• **Exercise**:
With the pictures left aside, write out exactly the lines of the listing below from the line with "Наразі завдяки електронному" to the line with "Embroidered floral motifs", both included, and only those.

━━━ Working data

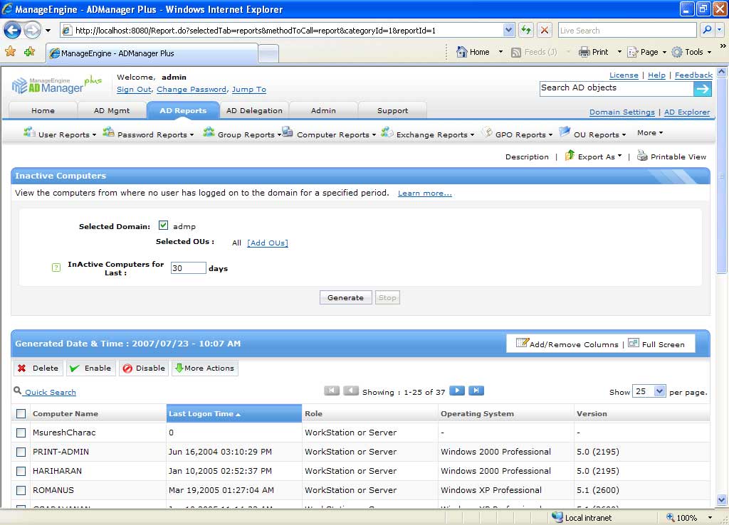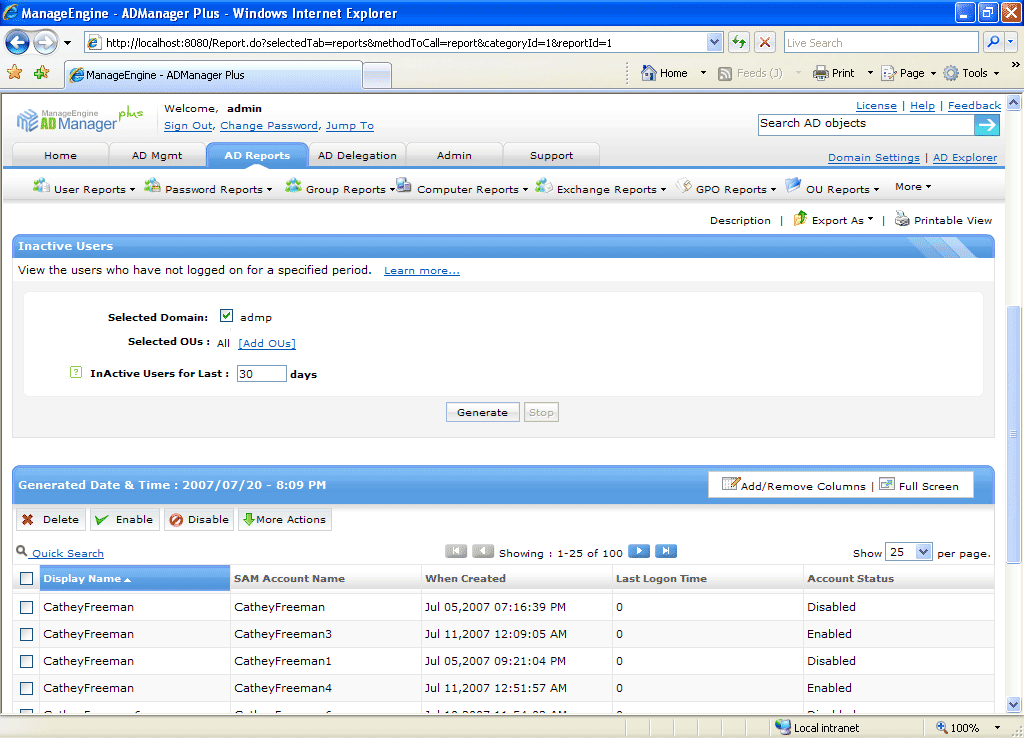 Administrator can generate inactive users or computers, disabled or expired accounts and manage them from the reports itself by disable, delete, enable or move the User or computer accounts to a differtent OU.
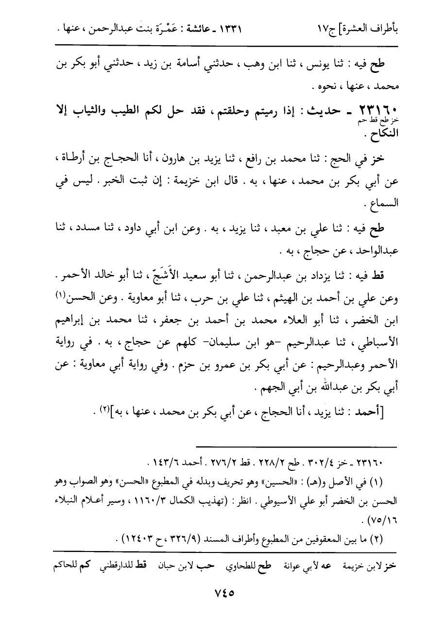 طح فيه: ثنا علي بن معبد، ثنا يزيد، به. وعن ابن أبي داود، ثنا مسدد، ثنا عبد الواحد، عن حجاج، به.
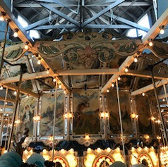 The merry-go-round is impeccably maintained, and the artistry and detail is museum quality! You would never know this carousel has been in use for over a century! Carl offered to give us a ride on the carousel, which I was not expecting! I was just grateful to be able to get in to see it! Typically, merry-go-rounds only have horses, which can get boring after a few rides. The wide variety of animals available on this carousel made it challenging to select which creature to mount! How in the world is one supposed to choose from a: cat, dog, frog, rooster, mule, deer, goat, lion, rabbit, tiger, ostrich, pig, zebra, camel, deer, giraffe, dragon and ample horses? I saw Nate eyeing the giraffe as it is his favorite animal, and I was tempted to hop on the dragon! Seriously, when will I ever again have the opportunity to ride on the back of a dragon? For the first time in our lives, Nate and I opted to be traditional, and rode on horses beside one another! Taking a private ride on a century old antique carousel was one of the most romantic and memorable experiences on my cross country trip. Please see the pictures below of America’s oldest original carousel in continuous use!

━━━━━━
━━━ Working data

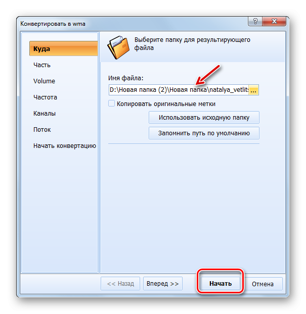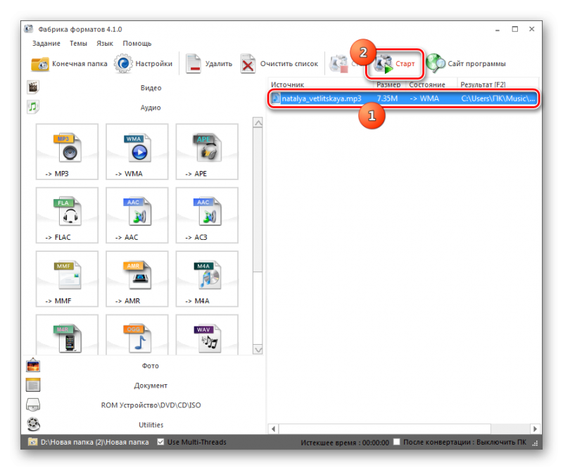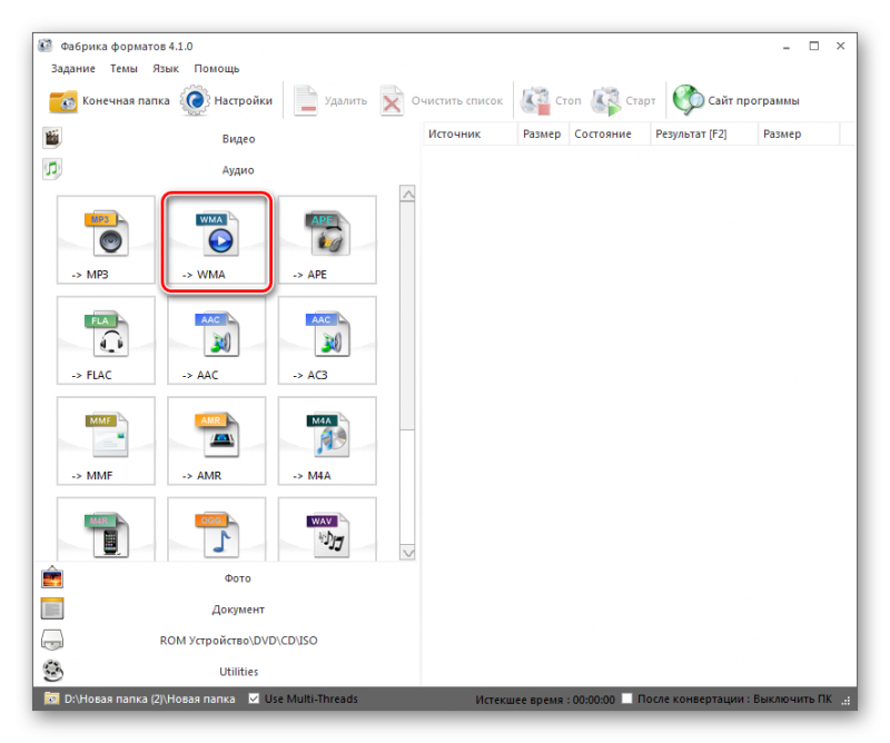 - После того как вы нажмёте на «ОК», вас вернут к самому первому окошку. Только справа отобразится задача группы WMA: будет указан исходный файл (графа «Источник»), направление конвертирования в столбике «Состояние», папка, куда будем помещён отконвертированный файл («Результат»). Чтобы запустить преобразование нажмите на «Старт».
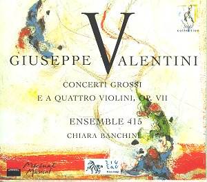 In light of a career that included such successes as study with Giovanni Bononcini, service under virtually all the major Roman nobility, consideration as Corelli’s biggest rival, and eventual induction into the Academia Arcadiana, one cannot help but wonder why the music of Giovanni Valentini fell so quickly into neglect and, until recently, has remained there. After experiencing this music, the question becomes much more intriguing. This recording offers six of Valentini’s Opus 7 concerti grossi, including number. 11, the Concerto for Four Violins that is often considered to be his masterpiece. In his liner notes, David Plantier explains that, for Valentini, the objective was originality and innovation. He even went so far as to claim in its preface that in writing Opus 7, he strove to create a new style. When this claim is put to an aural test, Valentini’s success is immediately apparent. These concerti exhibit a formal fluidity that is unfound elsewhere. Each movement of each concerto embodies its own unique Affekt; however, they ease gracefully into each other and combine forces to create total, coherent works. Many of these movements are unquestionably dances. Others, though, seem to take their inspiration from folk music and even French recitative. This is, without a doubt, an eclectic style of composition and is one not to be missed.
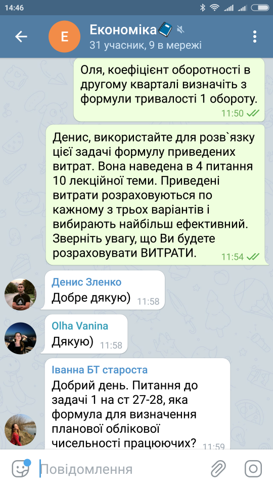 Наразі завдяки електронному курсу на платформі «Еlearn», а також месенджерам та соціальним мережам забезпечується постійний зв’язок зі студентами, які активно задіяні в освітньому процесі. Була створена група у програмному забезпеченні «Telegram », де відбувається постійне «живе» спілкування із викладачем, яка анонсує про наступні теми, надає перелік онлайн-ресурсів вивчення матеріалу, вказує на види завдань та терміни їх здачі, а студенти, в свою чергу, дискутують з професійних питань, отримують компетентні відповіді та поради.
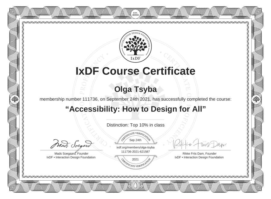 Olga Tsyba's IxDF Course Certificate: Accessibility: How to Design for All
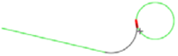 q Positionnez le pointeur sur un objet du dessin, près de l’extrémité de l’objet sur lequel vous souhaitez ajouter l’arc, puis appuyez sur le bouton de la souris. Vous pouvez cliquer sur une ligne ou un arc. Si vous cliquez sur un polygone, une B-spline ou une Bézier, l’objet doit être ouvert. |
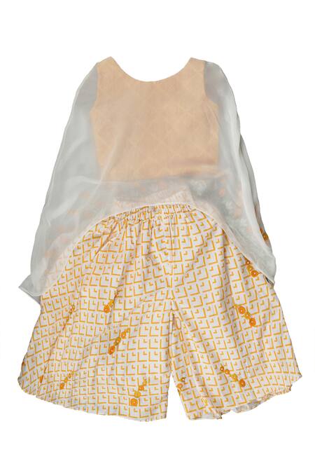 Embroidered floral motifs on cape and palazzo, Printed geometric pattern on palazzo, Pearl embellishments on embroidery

━━━━━━
━━━ Working data

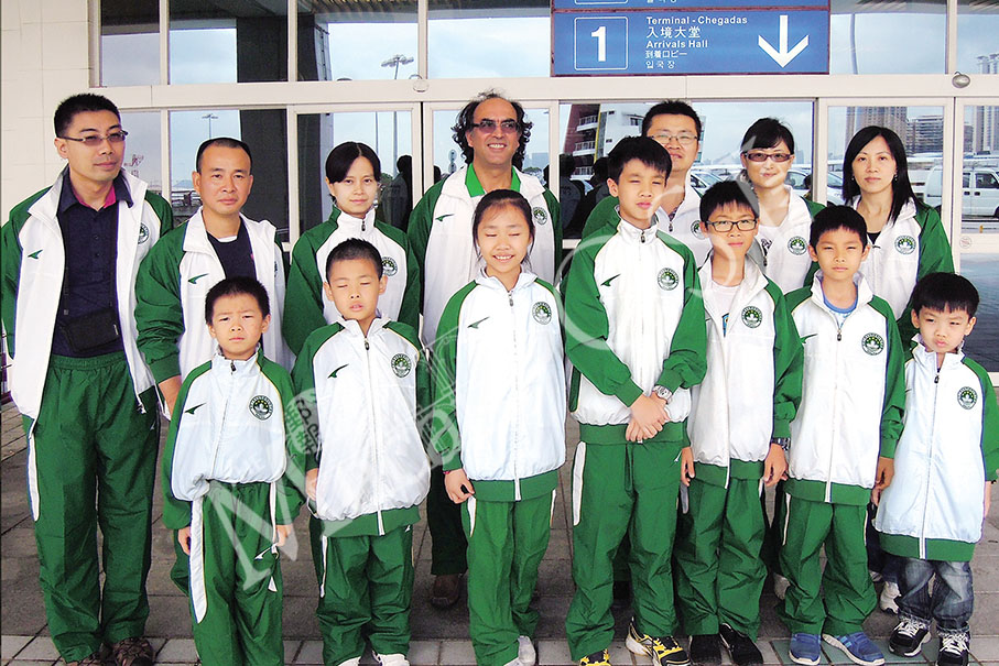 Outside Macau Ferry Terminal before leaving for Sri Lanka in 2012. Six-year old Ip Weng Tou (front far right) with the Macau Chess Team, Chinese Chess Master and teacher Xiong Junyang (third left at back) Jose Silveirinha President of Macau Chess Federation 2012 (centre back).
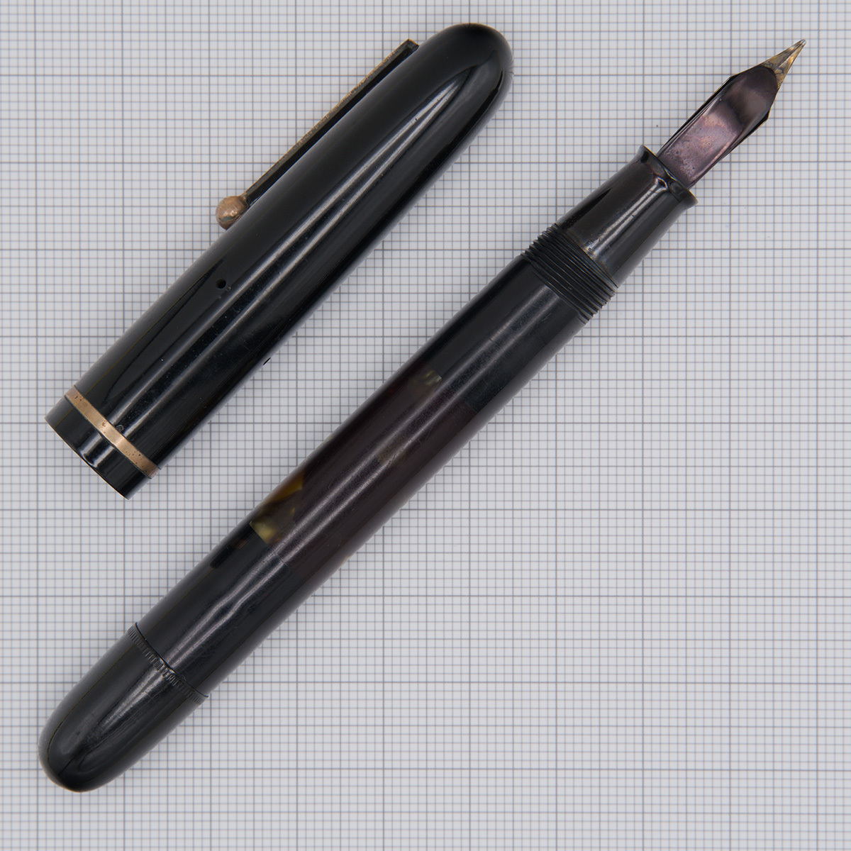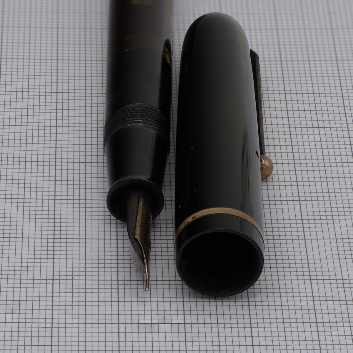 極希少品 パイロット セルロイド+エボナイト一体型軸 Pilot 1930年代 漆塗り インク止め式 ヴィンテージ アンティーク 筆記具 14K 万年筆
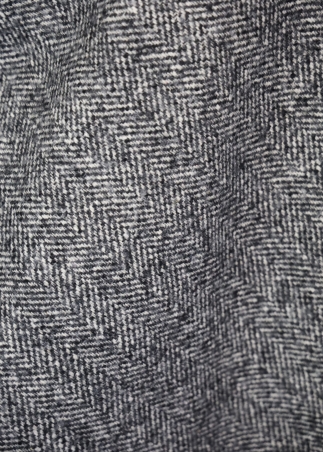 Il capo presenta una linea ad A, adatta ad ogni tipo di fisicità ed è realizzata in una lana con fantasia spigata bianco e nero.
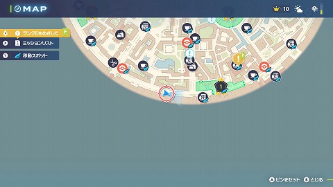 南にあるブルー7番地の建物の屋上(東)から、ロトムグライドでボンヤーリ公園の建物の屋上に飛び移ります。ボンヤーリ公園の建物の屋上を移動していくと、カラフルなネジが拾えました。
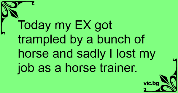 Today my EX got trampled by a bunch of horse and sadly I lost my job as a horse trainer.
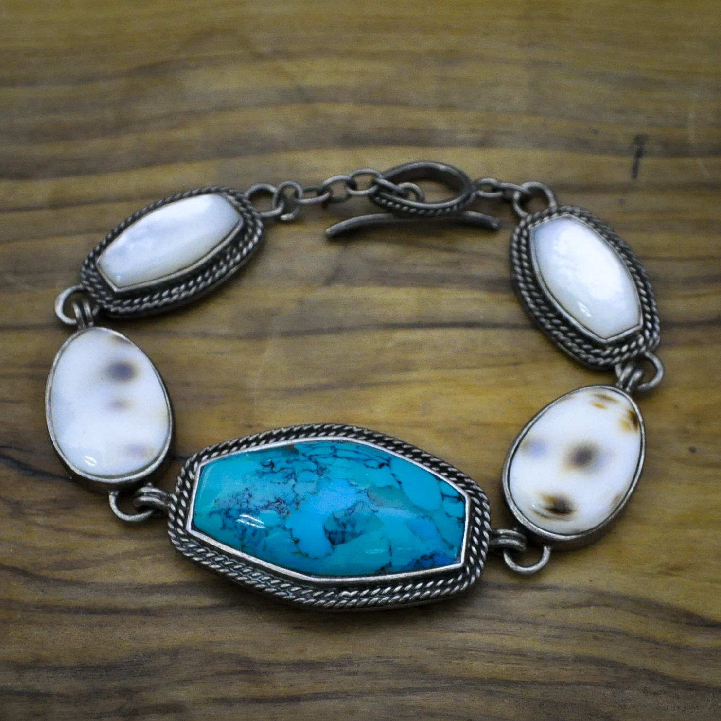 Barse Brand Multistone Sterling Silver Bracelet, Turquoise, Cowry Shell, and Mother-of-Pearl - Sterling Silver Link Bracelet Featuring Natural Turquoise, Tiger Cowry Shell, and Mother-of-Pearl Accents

━━━━━━

• **Solved exercise**:
 Наразі завдяки електронному курсу на платформі «Еlearn», а також месенджерам та соціальним мережам забезпечується постійний зв’язок зі студентами, які активно задіяні в освітньому процесі. Була створена група у програмному забезпеченні «Telegram », де відбувається постійне «живе» спілкування із викладачем, яка анонсує про наступні теми, надає перелік онлайн-ресурсів вивчення матеріалу, вказує на види завдань та терміни їх здачі, а студенти, в свою чергу, дискутують з професійних питань, отримують компетентні відповіді та поради.
 Olga Tsyba's IxDF Course Certificate: Accessibility: How to Design for All
 q Positionnez le pointeur sur un objet du dessin, près de l’extrémité de l’objet sur lequel vous souhaitez ajouter l’arc, puis appuyez sur le bouton de la souris. Vous pouvez cliquer sur une ligne ou un arc. Si vous cliquez sur un polygone, une B-spline ou une Bézier, l’objet doit être ouvert. |
 Embroidered floral motifs on cape and palazzo, Printed geometric pattern on palazzo, Pearl embellishments on embroidery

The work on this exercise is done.